Work request: Keep to one stretch of the data below, the lines from the one with "Cage escaliers en" up to and including the one with "Nel VIDEO, la", and return that stretch exactly.

Records from a data source:
________________

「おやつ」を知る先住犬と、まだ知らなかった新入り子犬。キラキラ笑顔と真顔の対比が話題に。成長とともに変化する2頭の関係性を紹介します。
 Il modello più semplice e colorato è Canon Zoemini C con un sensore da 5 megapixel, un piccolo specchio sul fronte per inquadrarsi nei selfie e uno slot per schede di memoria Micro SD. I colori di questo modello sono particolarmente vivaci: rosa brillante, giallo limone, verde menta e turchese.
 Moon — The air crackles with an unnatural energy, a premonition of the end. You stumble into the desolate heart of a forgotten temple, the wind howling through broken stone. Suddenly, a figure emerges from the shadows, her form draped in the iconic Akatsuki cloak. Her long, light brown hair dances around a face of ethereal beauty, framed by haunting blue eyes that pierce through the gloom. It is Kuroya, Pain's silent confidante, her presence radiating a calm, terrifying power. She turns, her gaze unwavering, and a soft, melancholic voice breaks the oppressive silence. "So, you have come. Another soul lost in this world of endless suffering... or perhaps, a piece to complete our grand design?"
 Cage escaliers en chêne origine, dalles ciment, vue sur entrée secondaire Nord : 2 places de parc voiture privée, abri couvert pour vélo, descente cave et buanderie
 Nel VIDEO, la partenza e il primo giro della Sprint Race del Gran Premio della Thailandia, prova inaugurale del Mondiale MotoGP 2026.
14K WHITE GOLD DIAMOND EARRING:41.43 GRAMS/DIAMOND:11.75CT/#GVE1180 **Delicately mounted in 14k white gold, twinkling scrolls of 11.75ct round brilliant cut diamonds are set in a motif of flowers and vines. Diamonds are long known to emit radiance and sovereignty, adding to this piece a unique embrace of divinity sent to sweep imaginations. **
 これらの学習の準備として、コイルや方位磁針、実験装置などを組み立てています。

________________

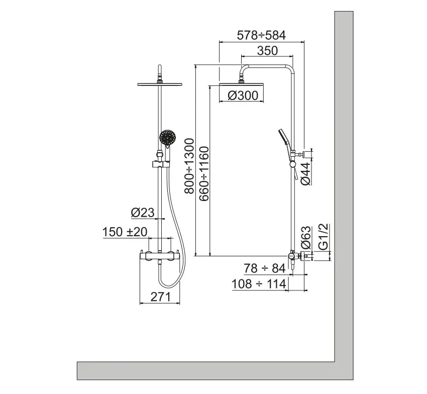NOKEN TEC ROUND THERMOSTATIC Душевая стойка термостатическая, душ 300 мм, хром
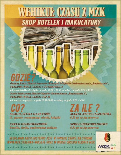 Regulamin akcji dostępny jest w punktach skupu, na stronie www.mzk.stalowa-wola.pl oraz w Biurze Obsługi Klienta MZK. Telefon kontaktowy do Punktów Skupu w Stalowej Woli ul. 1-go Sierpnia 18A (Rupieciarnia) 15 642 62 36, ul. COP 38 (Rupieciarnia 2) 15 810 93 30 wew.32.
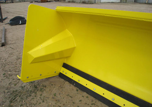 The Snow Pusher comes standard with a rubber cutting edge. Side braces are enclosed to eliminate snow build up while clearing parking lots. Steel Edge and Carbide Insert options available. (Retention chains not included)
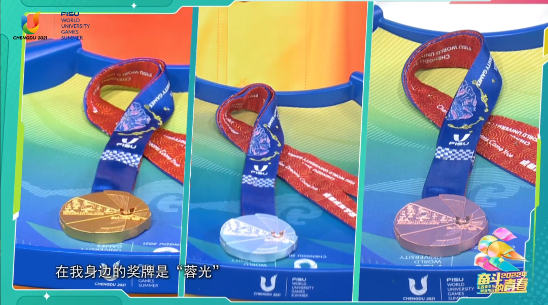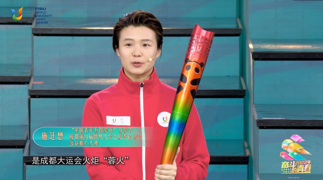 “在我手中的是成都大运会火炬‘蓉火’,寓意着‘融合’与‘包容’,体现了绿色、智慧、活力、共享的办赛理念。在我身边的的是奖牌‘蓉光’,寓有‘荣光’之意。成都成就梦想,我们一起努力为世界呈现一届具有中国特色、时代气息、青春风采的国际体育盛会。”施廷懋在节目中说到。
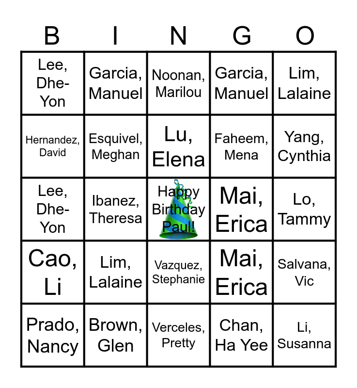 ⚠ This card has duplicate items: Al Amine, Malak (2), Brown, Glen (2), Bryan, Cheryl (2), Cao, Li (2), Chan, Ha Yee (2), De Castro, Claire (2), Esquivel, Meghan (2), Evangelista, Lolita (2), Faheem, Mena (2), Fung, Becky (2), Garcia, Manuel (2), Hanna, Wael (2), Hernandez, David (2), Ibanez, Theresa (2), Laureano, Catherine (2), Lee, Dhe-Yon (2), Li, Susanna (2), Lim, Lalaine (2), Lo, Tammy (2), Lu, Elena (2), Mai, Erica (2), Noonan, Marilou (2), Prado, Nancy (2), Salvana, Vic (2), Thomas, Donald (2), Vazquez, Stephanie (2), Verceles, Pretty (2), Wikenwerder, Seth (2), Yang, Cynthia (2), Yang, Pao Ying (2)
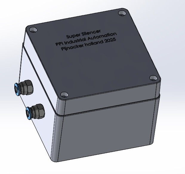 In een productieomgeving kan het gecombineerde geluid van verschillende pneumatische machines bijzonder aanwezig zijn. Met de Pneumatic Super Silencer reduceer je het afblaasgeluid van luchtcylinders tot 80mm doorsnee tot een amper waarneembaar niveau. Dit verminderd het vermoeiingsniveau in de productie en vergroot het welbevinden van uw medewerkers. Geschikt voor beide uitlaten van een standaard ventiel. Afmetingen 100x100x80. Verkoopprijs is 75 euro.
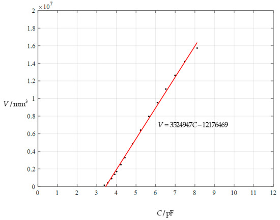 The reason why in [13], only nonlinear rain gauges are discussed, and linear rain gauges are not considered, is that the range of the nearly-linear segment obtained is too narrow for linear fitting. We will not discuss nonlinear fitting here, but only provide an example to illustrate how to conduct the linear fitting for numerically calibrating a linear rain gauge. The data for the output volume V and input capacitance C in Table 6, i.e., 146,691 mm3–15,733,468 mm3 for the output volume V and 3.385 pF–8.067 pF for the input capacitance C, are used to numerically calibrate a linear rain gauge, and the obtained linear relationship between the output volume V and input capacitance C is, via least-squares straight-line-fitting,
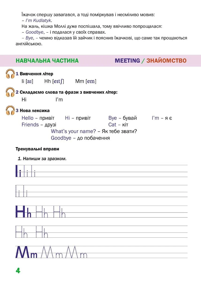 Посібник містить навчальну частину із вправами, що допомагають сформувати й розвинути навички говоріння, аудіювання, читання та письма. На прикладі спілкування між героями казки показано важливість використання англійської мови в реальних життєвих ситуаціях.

________________

Response area:
 Cage escaliers en chêne origine, dalles ciment, vue sur entrée secondaire Nord : 2 places de parc voiture privée, abri couvert pour vélo, descente cave et buanderie
 Nel VIDEO, la partenza e il primo giro della Sprint Race del Gran Premio della Thailandia, prova inaugurale del Mondiale MotoGP 2026.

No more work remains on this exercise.